Please install/uninstall Golang development toolchain by your OS-specific steps, e.g. given in https://github.com/genxium/Go111ModulePrac.


The following screenshot shows by skeema how to generate "latest_diff_between_live_and_expected_schema.sql" from "live MySQL server localhost:3306" to "/path/to/<skeema-repo-root>/<dbname>/<individual-table>.sql", where "<skeema-repo-root>" contains a ".skeema" file which owns live database connection info.



The working scope of `skeema` for a "live MySQL server" is "all databases EXCEPT several reserved names 'information_schema', 'mysql', 'performance_schema', 'sys' and 'test'".


(All existing databases in "live MySQL server".)

(Initialize <skeema-repo-root>.)

(I added several new tables "food_*.sql" under "tunjing", i.e. updated my expected schema of the database named "tunjing".)

(A dry-run of "skeema diff" under <skeema-repo-root>. You might need "skeema diff -u root -p" if authentication is required.)

(I'm satisfied with the diff strategy and decided to execute "skeema push" to update the live MySQL server. You might need "skeema push -u root -p" if authentication is required.)


⚠️You might have to execute
-- `skeema push development`, or
-- `skeema push --allow-unsafe`,or
-- `skeema push development --allow-unsafe`, or even as verbose as
-- `skeema push development --allow-unsafe -u root -p`

depending on your specific setup, where "development" is an environment name written in "<skeema-repo-root>/.skeema" file.

(Now the schema of my "live MySQL server" is synchronized to "/path/to<skeema-repo-root>/<dbname>/<individual-table>.sql".)


(However I sometimes wants customization to the generated "latest_diff_between_live_and_expected_schema.sql".)

4.1 Mapping Skeema to Database from ".skeema" file

Sometimes you'll need a new database to be tracked by `skeema`, e.g. "tunjing_test" for testing environment setup.
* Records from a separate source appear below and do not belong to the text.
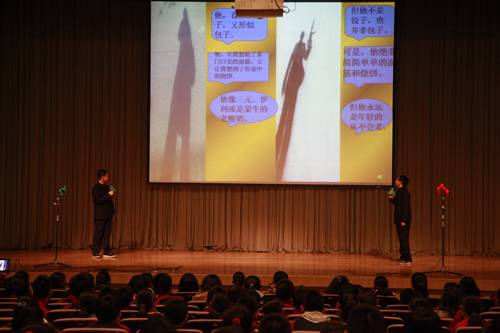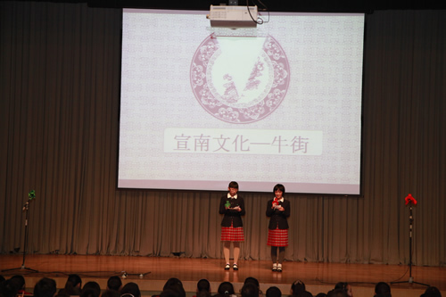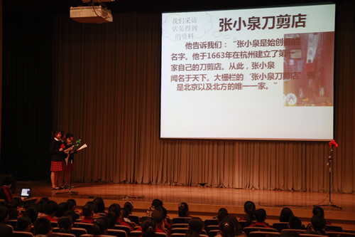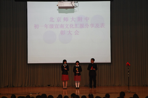 2012年3月5日下午,初一年级全体师生召开了“宣南文化研究性学习分享及表彰大会”。各班同学以诗朗诵、实地考察视频展示、情景剧等多种形式,分享了他们在“宣南文化研究性学习”活动中的收获和成果。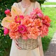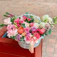 Корзина розовых гербер и лимониума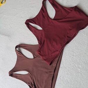 Quince Ultra-Form Scoop Neck Longline Bra Redwood Brown Plum Racerback Lounge L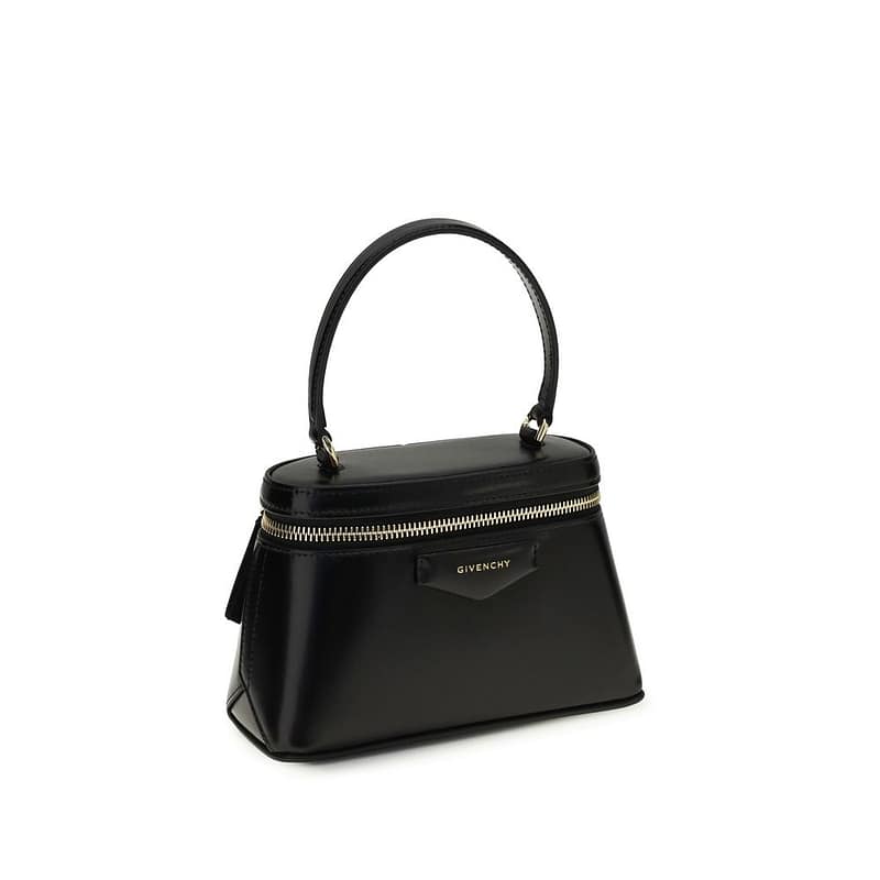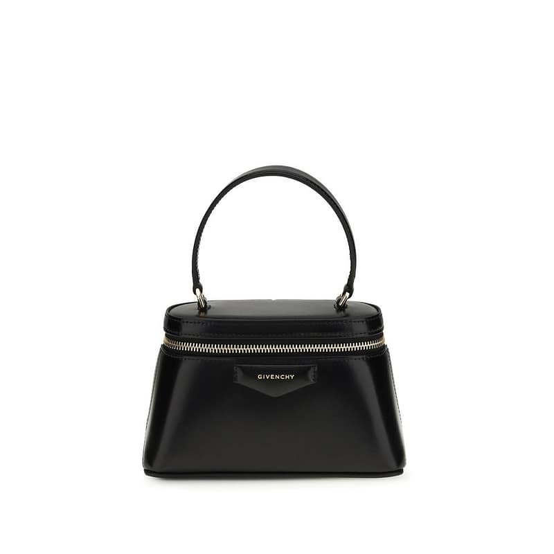 The Antigona Mini Handbag by Givenchy combines elegance and functionality in a compact design. Crafted with leather handles for carrying by hand and a removable metal chain with leather trim for wearing over the shoulder, it features a zipper closure and gold-tone metal hardware. The front features a pentagonal appliqué with an embossed GIVENCHY signature, while the interior, bearing the Givenchy Paris signature, includes a main compartment and a card slot, perfect for organizing your personal items in style.

Recommended steps are as follows.

  • Create a new directory "<skeema-repo-root>/tunjing_test/".
  • Put your preferred "*.sql" files for tables under the created directory, e.g. "<skeema-repo-root>/tunjing_test/".
  • Put your preferred "*.skeema" file containing "schema=tunjing_test" under "<skeema-repo-root>/tunjing_test/".


  • Execute `skeema push` from <skeema-repo-root>.


You can also add the a single expected dbname to `<skeema-repo-root>/.skeema` for convenience, e.g. if "travelpp" is the only dbname expected to be accessed by skeema.

```
[production]
socket=/tmp/mysql.sock
user=root
host=localhost
schema=travelpp

[development]
socket=/tmp/mysql.sock
user=root
host=localhost
allow-unsafe
skip-alter-wrapper
skip-alter-algorithm
skip-alter-lock
schema=travelpp
```

By such configuration all "*.sql" files associated with the tables under dbname "travelpp" would be maintained at `<skeema-repo-root>/`.


4.2 Required privileges

The MySQL user you configured in corresponding `.skeema` file must have to "privilege to create & drop database" of the "target live MySQL server", because automation will need create a database named "_skeema_tmp" in the "target live MySQL server".




5. Alternative tools

It's possible that `skeema` is not alone for its service. Check the following alternatives for your best fit.

  • SchemaSync
  • Introduced above in #2.
  • Only generates diff report for different live MySQLServer connections.
  • gh-ost
  • https://github.com/github/gh-ost
  • Pros & cons unknown yet.
  • DBDiff
  • https://github.com/DBDiff/DBDiff
  • Only generates diff report for different live MySQLServer connections.
  • The README of it shows many other alternatives too.
  • mysqldiff
  • https://dev.mysql.com/doc/mysql-utilities/1.6/en/mysqldiff.html
  • Only generates diff report for different live MySQLServer connections.
  • php-mysql-diff
  • https://github.com/camcima/php-mysql-diff
  • Only generates diff report for different *.sql files.
  • sequelize-cli
  • https://github.com/sequelize/cli
  • It's NOT a useful tool for db migration if you uses "sequelize/NodeJs" in backend because the model class files needs MANUAL SPECIFICATION TO INITIALIZE.
  • Note that a similar tool "node-db-migrate" lacks initialization guidance and thus not as competant as this one.


However most of the above are NOT truely alternatives to `skeema`, as they DON'T directly provide "file v.s. livedb" differentiation.


True alternatives are marked in purple.